It is not uncommon for an employer to be faced with the potentially difficult issue of balancing an employee's beliefs (which mean that, for example, they do not wish to work on certain days or want time off to pray) with the needs of the business. Typically this arises where there is a particular rule that applies to everyone but means that certain groups, including the employee complaining, are put at a disadvantage (i.e. indirectly discriminated against). In Cherfi v G4S Security Services Ltd the EAT examined whether refusing an employee permission to leave work to attend Friday prayers at a Mosque was justifiable. The EAT interestingly, also commented on whether cost alone could be a justification for a discriminatory requirement.
Mr Cherfi, a Muslim, worked as a security guard in Highgate on a client site. The client required all security officers to remain on site for a certain number of hours per day. Consequently, Cherfi was not allowed to leave the site to attend Friday prayers at a local mosque. Cherfi claimed, among other things, that the requirement for him to remain at work on Friday lunchtimes constituted indirect religious discrimination.
The tribunal dismissed Cherfi's indirect discrimination claim. Although the requirement did place Cherfi at a disadvantage as a practising Muslim, G4S would be in danger of financial penalties or even losing its contract with its client if a full complement of security staff was not on site throughout the day. Cherfi had refused a variety of arrangements offered to accommodate his requirements, such as changing his working days and using a prayer room on site. Therefore, the tribunal found that the requirement was a proportionate means of achieving a legitimate aim, namely, the operational needs of the business. Cherfi appealed, arguing that the tribunal had failed to properly balance the discriminatory effect on him with the reasonable needs of his employer. He also suggested that G4S' justification argument should not have succeeded as it was based on cost issues alone.
Dismissing the appeal, the EAT held that the tribunal had carried out the necessary balancing act. It had considered both the reason why G4S refused, i.e. the cost implications and the risk of losing the contract, and the impact of this on Cherfi.
Furthermore, the case was not an example of cost alone being used to justify discrimination. However, even if it were, the EAT supported the view expressed in another case by the President of the EAT that, where the costs of avoiding discriminatory impact of a PCP or of rectifying it would be disproportionately high, then this could alone potentially justify certain discriminatory circumstances.

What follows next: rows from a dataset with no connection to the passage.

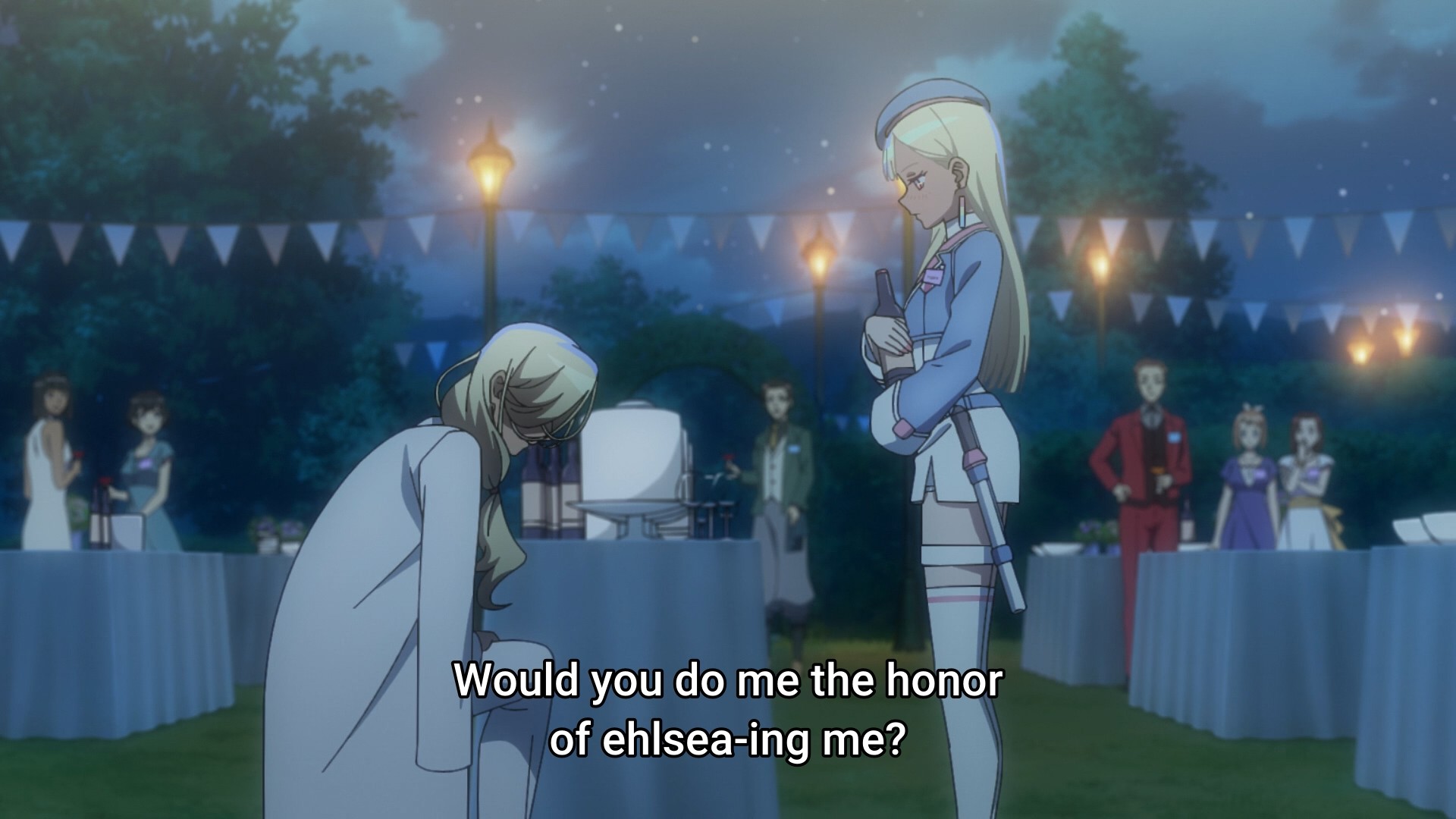 But just like that, we have rescued Amoru in a little over eight minutes. Welp, that was a neat and tidy operation. What exactly are we going to do with the remainder of the episode though? I know, I know, we’re going to talk about getting hitched! I mean, obviously. Why wouldn’t Amoru instantly fall in love with Akira and want to enter into an “ehlsea” with him and Yugure? But when Akira continues to rebuff both girls’ advances, we conveniently stumble upon a town that is holding a matchmaking festival for prospective “ehlsea-ers.” Wow, what a coincidence!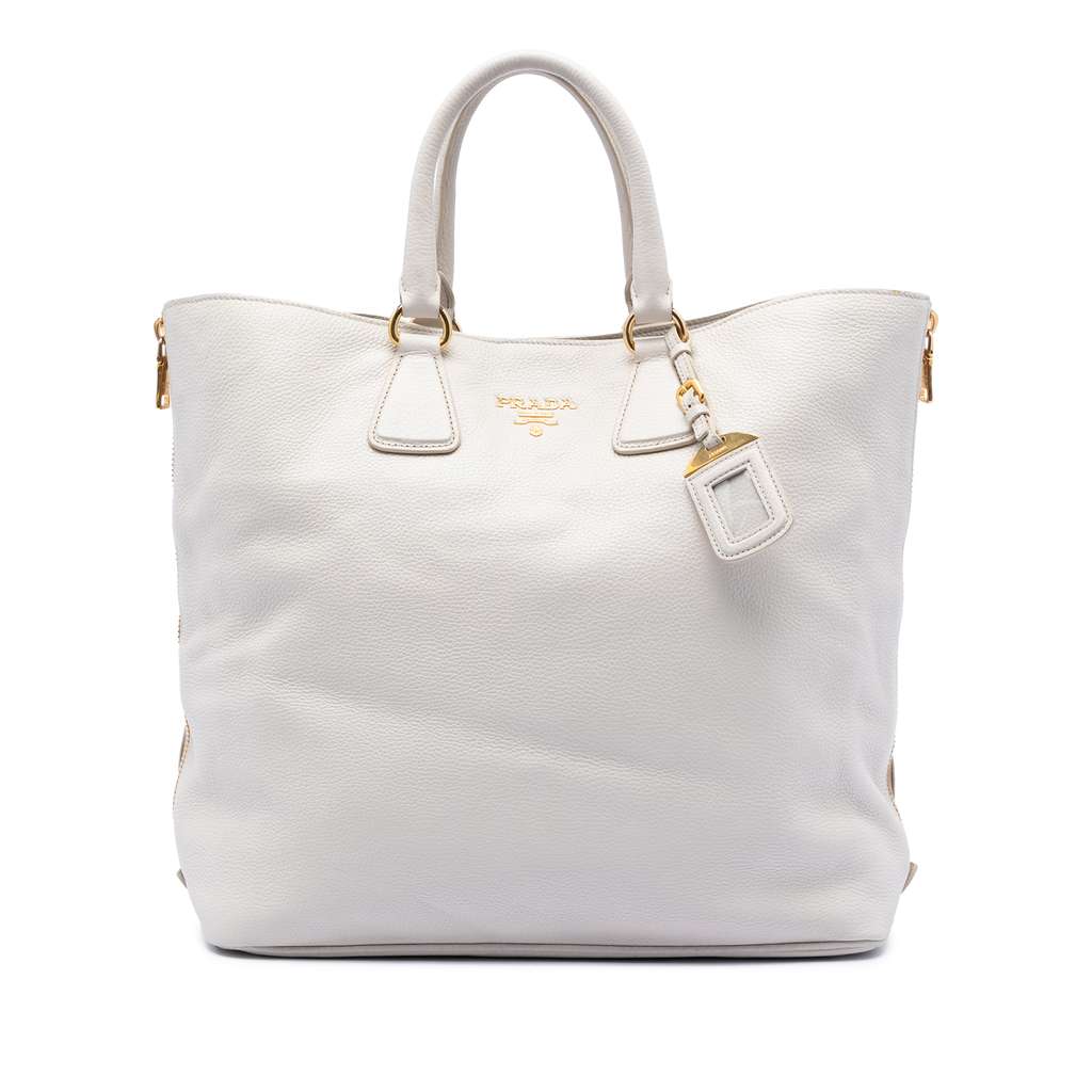 Prada Vitello Daino Side Zip Open Convertible Tote White X-L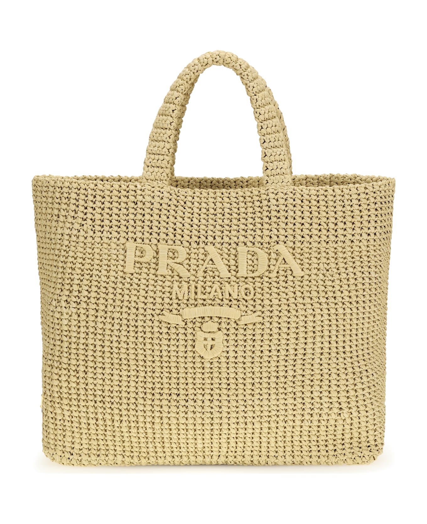 The raffia tote bag by prada is a lightweight and elegant accessory, perfect for the summer season. crafted from raffia, it features an embroidered logo on the front and the iconic metal triangle with the logo on the side. the two flat raffia handles ensure comfortable carrying, while the unlined structure enhances its natural, effortless look, ideal for a casual-chic style.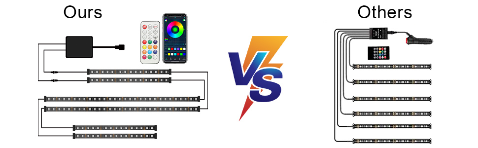 سهلة التركيب - يمكنك تشغيل أضواء الشريط ببساطة عن طريق الأسلاك الإيجابية والسلبية. ميزات الشريط المرن والقوي ذاتي اللصق تجعل من السهل وضعه تحت السيارة، والأكثر من ذلك، فإن مشابك التثبيت الاحتياطية وربطة الكابل ستجعله يبقى تحت السيارة بشكل أكثر ثباتًا.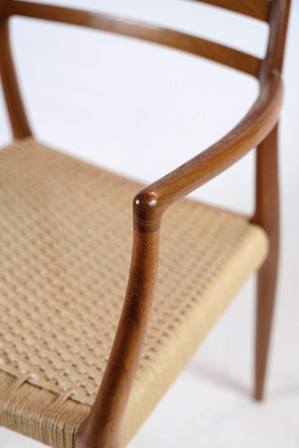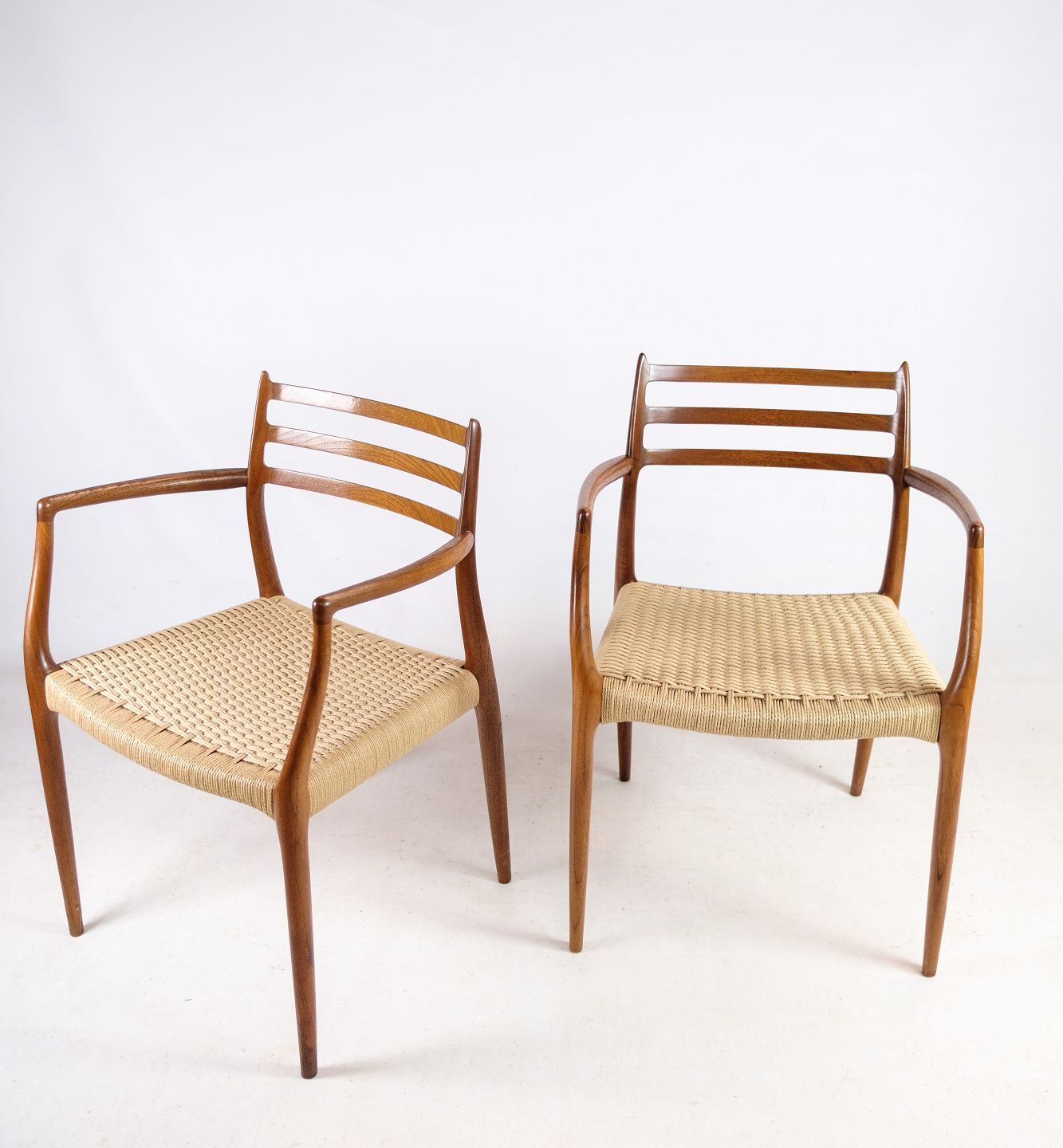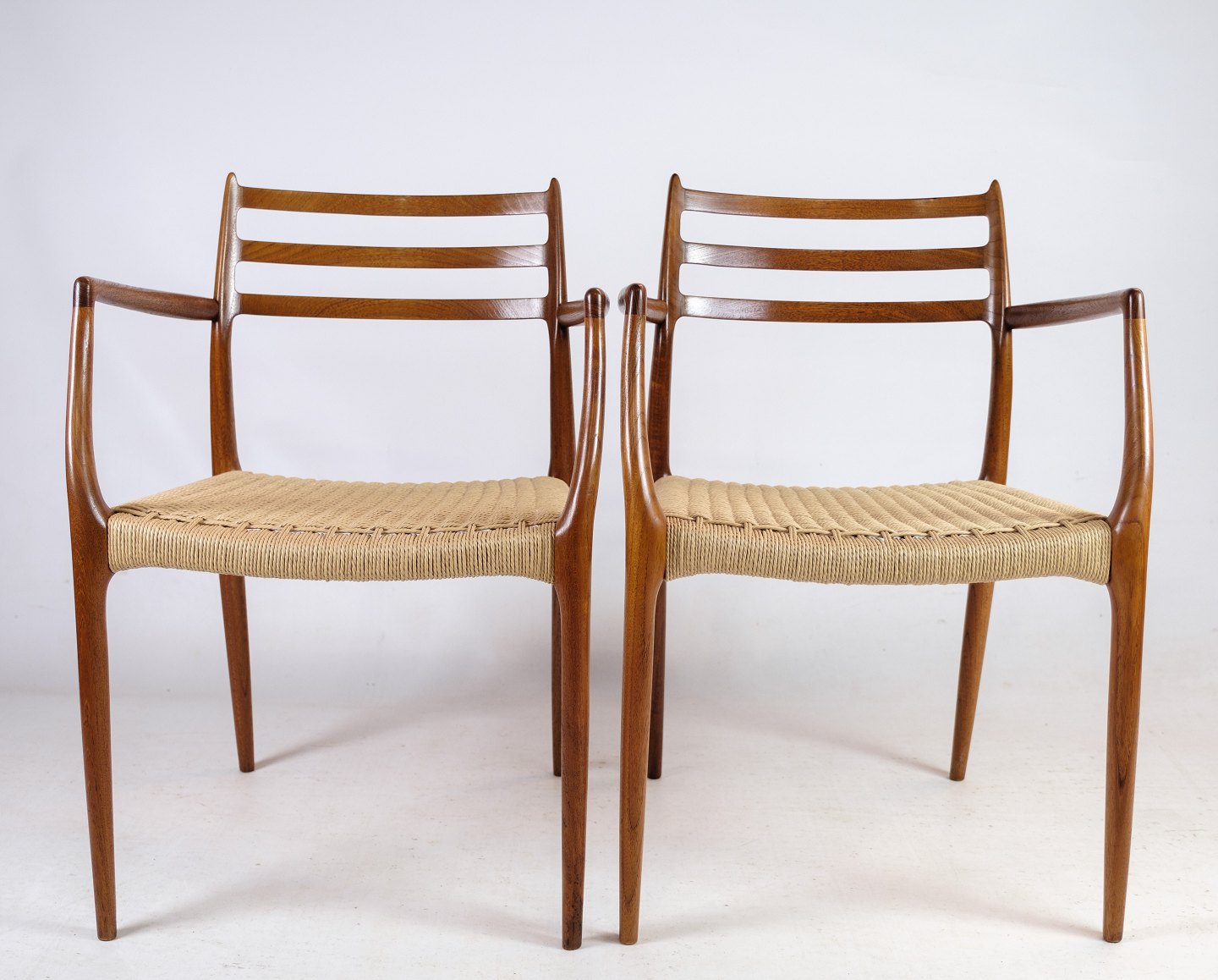 These armchairs are a rare and beautiful example of the iconic design of N.O. Møller and is an investment in a classic and timeless piece of Danish design. They will add style and elegance to any living room decor and will be enjoyed for many years to come.

There are two key points arising from this case. Firstly, the useful examination of how an employer can balance the potential discriminatory effects of a particular requirement on an employee against the business needs of the employer. Secondly, the tribunals may now start to take note of the EAT's comments that cost alone may be enough to justify a requirement that applies to all but discriminates against particular employees where the cost of avoiding that requirement's discriminatory impact is disproportionately high.